=== EXTRACTED MATERIAL ===

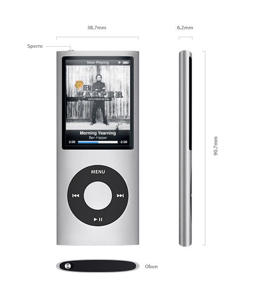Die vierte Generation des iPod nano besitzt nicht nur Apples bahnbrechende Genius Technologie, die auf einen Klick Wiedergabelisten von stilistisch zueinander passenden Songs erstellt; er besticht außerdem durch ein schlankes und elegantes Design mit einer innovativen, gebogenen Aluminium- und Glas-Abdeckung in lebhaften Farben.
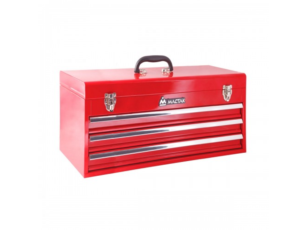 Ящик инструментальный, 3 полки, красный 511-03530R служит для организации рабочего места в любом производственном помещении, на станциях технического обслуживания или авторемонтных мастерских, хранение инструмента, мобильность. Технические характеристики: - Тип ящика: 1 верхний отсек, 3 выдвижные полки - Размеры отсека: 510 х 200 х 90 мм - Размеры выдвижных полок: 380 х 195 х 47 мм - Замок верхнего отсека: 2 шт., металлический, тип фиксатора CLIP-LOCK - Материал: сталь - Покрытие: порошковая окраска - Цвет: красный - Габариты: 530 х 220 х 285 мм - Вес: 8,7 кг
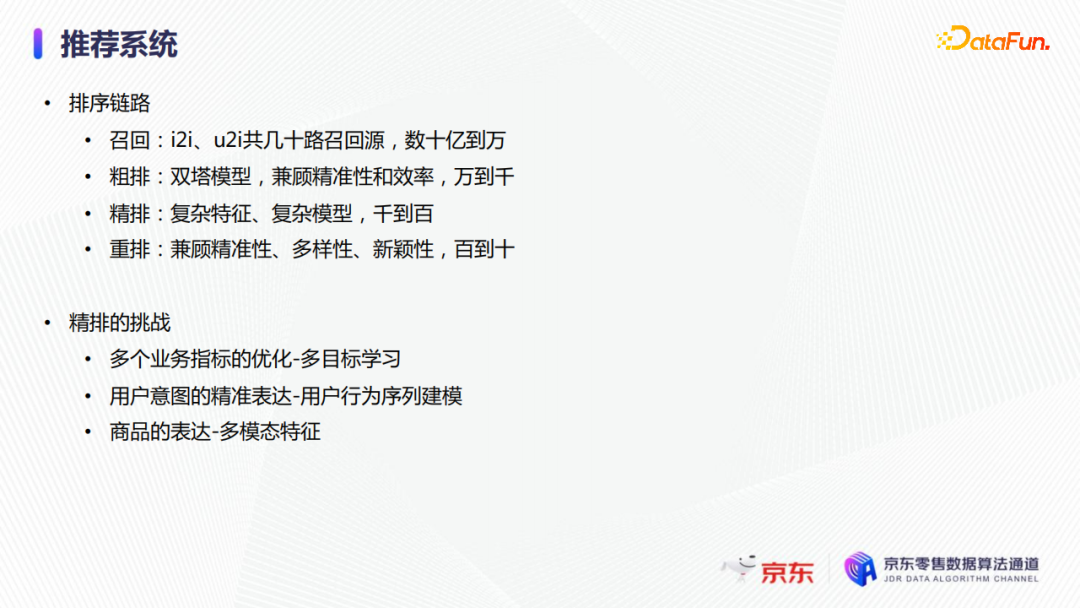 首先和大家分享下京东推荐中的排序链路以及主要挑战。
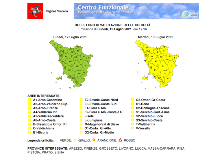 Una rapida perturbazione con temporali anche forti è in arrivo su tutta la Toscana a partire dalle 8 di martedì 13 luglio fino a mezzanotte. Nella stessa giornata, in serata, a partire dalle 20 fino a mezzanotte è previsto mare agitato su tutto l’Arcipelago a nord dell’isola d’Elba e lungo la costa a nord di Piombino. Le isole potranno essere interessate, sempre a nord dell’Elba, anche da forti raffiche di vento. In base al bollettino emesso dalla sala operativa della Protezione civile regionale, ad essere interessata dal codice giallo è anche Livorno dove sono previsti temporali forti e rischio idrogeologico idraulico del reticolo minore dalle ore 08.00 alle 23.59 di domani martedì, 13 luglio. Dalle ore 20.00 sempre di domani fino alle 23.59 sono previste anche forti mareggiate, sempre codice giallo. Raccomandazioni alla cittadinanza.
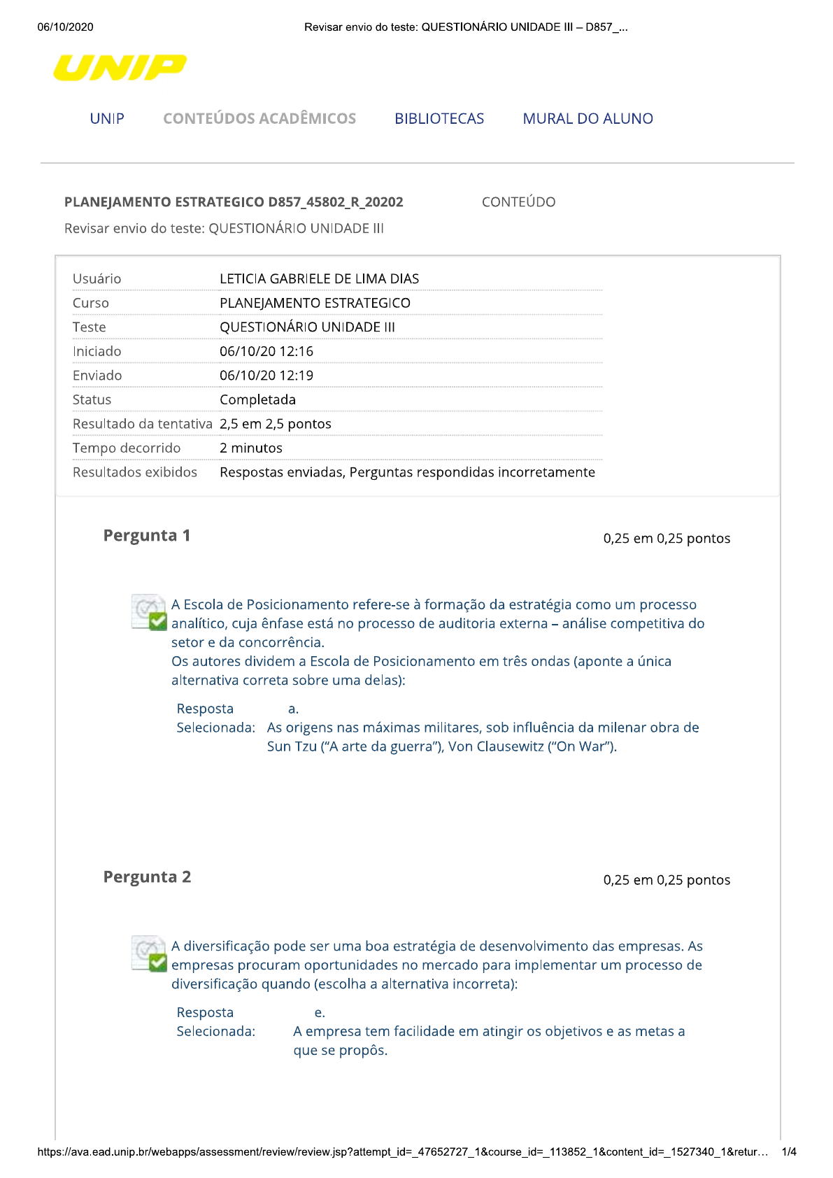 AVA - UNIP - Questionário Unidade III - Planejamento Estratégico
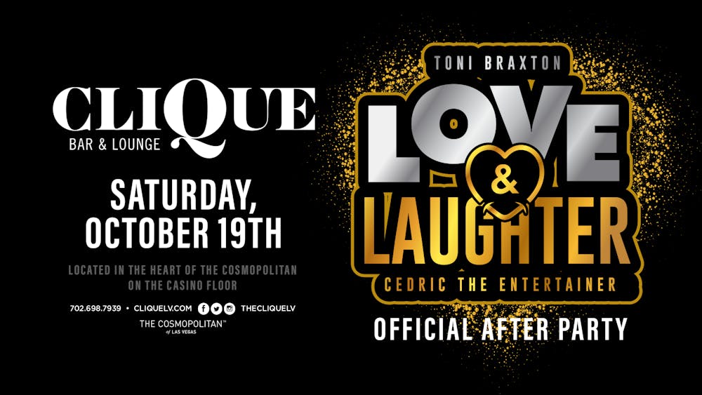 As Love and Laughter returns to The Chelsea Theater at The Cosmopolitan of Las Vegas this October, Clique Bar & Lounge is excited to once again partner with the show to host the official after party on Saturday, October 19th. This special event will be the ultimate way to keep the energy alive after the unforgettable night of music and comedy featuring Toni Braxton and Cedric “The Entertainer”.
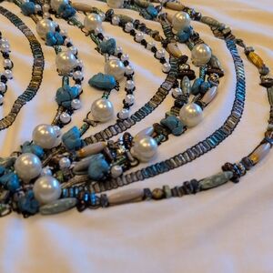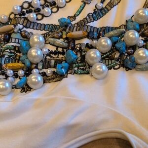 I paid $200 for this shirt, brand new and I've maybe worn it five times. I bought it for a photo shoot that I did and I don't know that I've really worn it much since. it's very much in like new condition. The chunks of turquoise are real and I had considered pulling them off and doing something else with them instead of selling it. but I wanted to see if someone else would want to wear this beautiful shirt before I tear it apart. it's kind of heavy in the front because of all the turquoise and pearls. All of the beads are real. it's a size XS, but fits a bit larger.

===
=== EXTRACTED MATERIAL ===

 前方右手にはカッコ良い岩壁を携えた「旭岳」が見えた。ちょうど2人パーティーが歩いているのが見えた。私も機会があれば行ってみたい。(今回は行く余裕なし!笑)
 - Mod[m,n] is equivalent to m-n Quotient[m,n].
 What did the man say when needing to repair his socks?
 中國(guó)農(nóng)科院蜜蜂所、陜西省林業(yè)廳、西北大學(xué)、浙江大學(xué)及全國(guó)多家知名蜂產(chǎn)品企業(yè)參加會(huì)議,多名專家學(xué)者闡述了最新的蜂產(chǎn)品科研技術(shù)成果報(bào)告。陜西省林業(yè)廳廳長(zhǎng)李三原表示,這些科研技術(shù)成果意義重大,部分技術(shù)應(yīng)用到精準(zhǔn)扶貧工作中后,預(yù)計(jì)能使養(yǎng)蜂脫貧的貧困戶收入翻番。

===

▶ WHAT YOU SHOULD DO
Set down only the lines above that fall between the line holding "前方右手にはカッコ良い岩壁を" and the line holding "What did the", inclusive, keeping each exact.

▶ TASK RESPONSE
 前方右手にはカッコ良い岩壁を携えた「旭岳」が見えた。ちょうど2人パーティーが歩いているのが見えた。私も機会があれば行ってみたい。(今回は行く余裕なし!笑)
 - Mod[m,n] is equivalent to m-n Quotient[m,n].
 What did the man say when needing to repair his socks?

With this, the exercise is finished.